Siddharth Sivakumar is an independent cultural journalist and writer. He is the founding editor and present editor-in-chief of the bilingual online cultural magazine Tinpahar.

Family
Siddharh Sivakumar is the son of art historian R. Siva Kumar and Mini Sivakumar. He hails from a family of filmmakers that include Adoor Gopalakrishnan and Padmarajan.

Career
Siddharth regularly writes for art blogs, art magazines such as Art and Deal, online cultural websites such as YouthKiAwaaz.com and Humanities Underground. His articles on socio-cultural issues have appeared in National dailies including The Hindu Business Line, The Statesman etc.

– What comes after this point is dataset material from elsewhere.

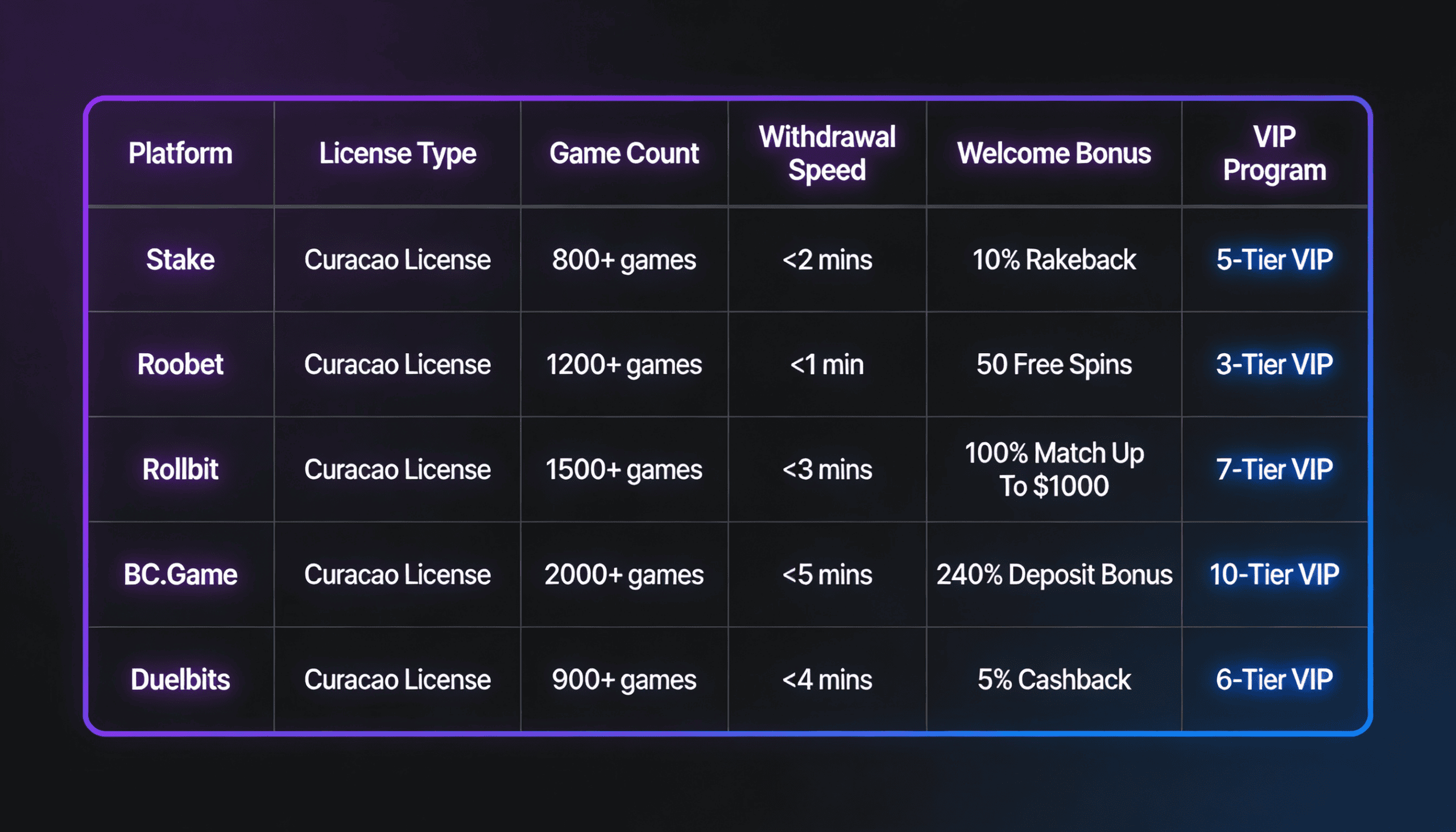 | Platform | License Type | Game Count | Withdrawal Speed (Crypto) | Welcome Bonus | VIP Program |
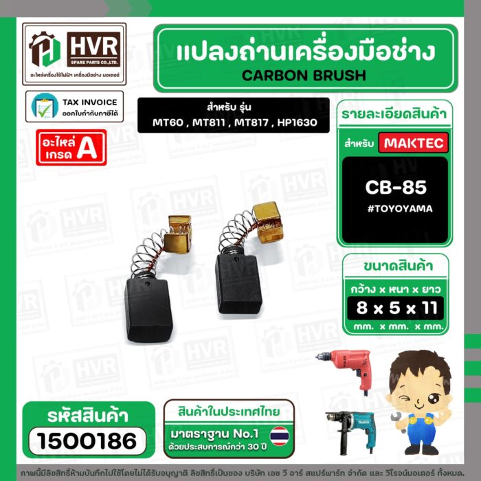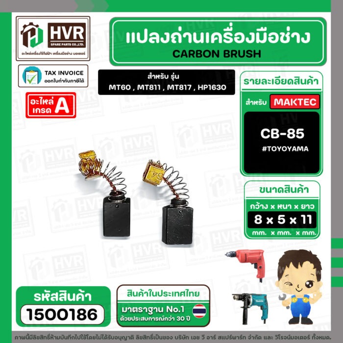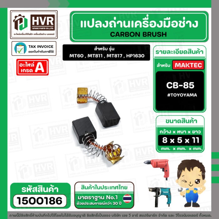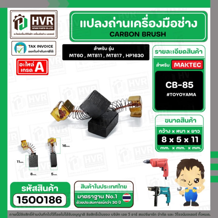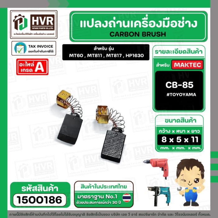 แปรงถ่าน สำหรับ MAKITA CB-85 ( TOYOYAMA ) ( 5 x 8 x 11 mm. )(ราคา / 1 ชุด) #1500186

In 2012, Siddharth founded the cultural website Tinpahar. He believes,"presently the boundaries between academic disciplines are being redrawn. What were earlier discrete disciplines of literature, linguistics, philosophy, sociology, history, anthropology or art history are coming closer." And he claims in an interview, "Tinpahar aspires to fully erase this boundary, and become a ‘free and fertile’ space for constructive discourses on/in humanity.

In his articles he often pledges for a reconciliation between art and society. "Although there are more educated people than ever before, there are not many who visit museums or galleries. There is a disconnect between the common man and art today" he writes in The Hindu Business Line.

In 2013 he initiated Make My Website Initiative to  support enthusiastic groups, who are seriously engaged in the creation or promotion of literature, visual arts or specialised studies to build their own websites for free. Websites of Gopi Shankar Madurai's Srishti Madurai and Humanities Underground are made under this scheme.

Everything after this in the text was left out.